A mountain bike type bicycle has a chainring with 3 gears and a cassette with 6 gears, which, combined with each other, determine 18 speeds (number of chainring gears times the number of cassette gears).

The number of teeth of the gears on the chainrings and cassettes of this bicycle are listed in the table.

\begin{center}
\begin{tabular}{ | c | c | c | c | c | c | c | }
\hline
Gears & $\mathbf{1}^{\mathrm{st}}$ & $\mathbf{2}^{\mathrm{nd}}$ & $\mathbf{3}^{\mathrm{rd}}$ & $\mathbf{4}^{\mathrm{th}}$ & $\mathbf{5}^{\mathrm{th}}$ & $\mathbf{6}^{\mathrm{th}}$ \\
\hline
\begin{tabular}{ c } Number of teeth on \\ chainring \\ \end{tabular} & 46 & 36 & 26 & - & - & - \\
\hline
\begin{tabular}{ c } Number of teeth on \\ cassette \\ \end{tabular} & 24 & 22 & 20 & 18 & 16 & 14 \\
\hline
\end{tabular}
\end{center}

It is known that the number of rotations made by the rear wheel with each pedal stroke is calculated by dividing the number of teeth on the chainring by the number of teeth on the cassette.
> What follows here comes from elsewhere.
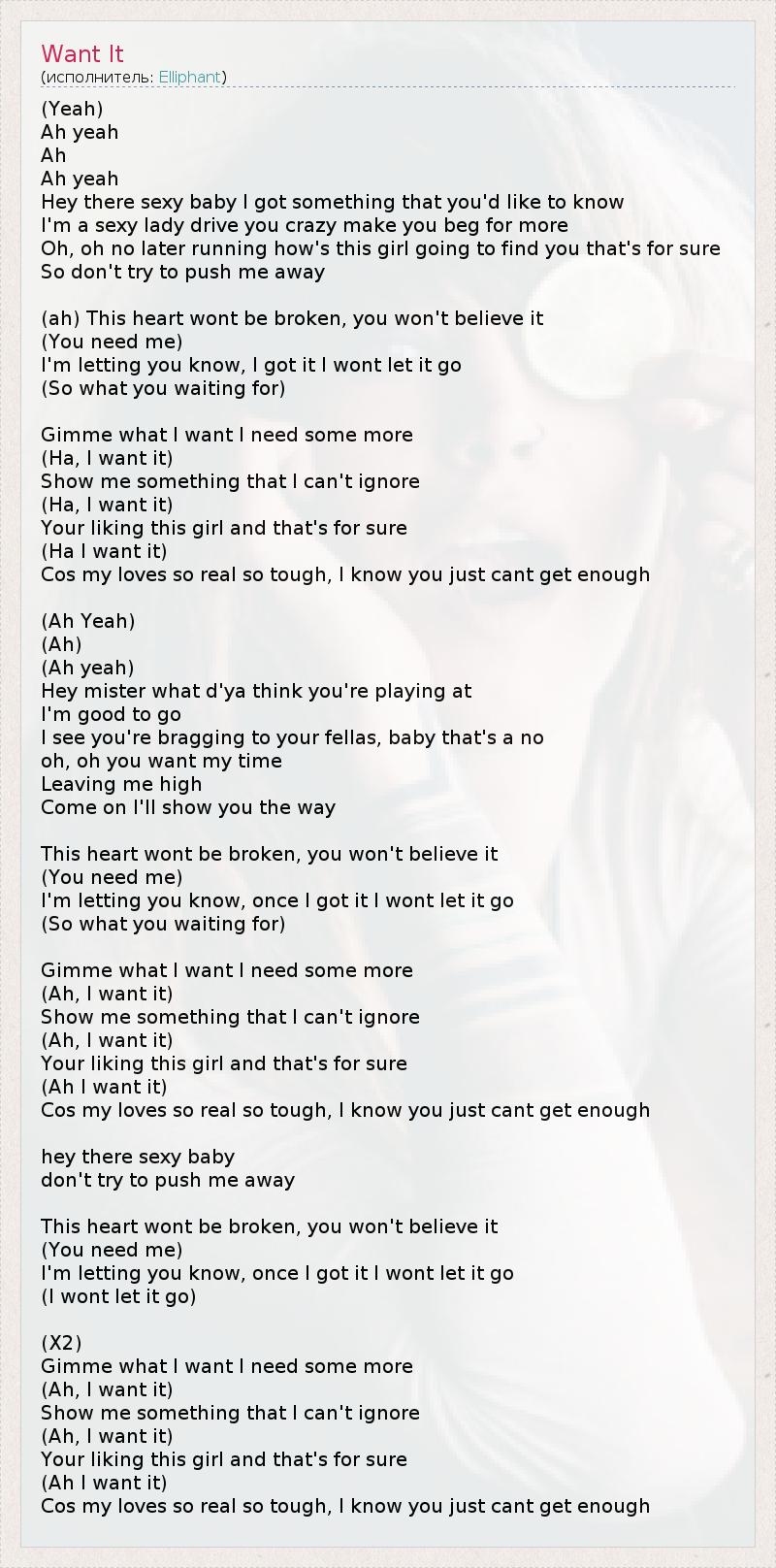 (Yeah) Ah yeah Ah Ah yeah Hey there sexy baby I got something that you'd like to know I'm a sexy lady drive you crazy make you beg for more Oh, oh no later running how's this girl going to find you that's for sure So don't try to push me away (ah) This heart wont be broken, you won't believe it (You need me) I'm letting you know, I got it I wont let it go (So what you waiting for) Gimme what I want I need some more (Ha, I want it) Show me something that I can't ignore (Ha, I want it) Your liking this girl and that's for sure (Ha I want it) Cos my loves so real so tough, I know you just cant get enough (Ah Yeah) (Ah) (Ah yeah) Hey mister what d'ya think you're playing at I'm good to go I see you're bragging to your fellas, baby that's a no oh, oh you want my time Leaving me high Come on I'll show you the way This heart wont be broken, you won't believe it (You need me) I'm letting you know, once I got it I wont let it go (So what you waiting for) Gimme what I want I need some more (Ah, I want it) Show me something that I can't ignore (Ah, I want it) Your liking this girl and that's for sure (Ah I want it) Cos my loves so real so tough, I know you just cant get enough hey there sexy baby don't try to push me away This heart wont be broken, you won't believe it (You need me) I'm letting you know, once I got it I wont let it go (I wont let it go) (X2) Gimme what I want I need some more (Ah, I want it) Show me something that I can't ignore (Ah, I want it) Your liking this girl and that's for sure (Ah I want it) Cos my loves so real so tough, I know you just cant get enough

During a ride on a bicycle of this type, one wishes to make a route as slowly as possible, choosing for this one of the following gear combinations (chainring x cassette):

\begin{center}
\begin{tabular}{ | c | c | c | c | c | }
\hline
$\mathbf{I}$ & II & III & IV & V \\
\hline
$1^{\mathrm{st}} \times 1^{\mathrm{st}}$ & $1^{\mathrm{st}} \times 6^{\mathrm{th}}$ & $2^{\mathrm{nd}} \times 4^{\mathrm{th}}$ & $3^{\mathrm{rd}} \times 1^{\mathrm{st}}$ & $3^{\mathrm{rd}} \times 6^{\mathrm{th}}$ \\
\hline
\end{tabular}
\end{center}

The combination chosen to perform this ride in the desired way is\\
(A) I.\\
(B) II.\\
(C) III.\\
(D) IV.\\
(E) V.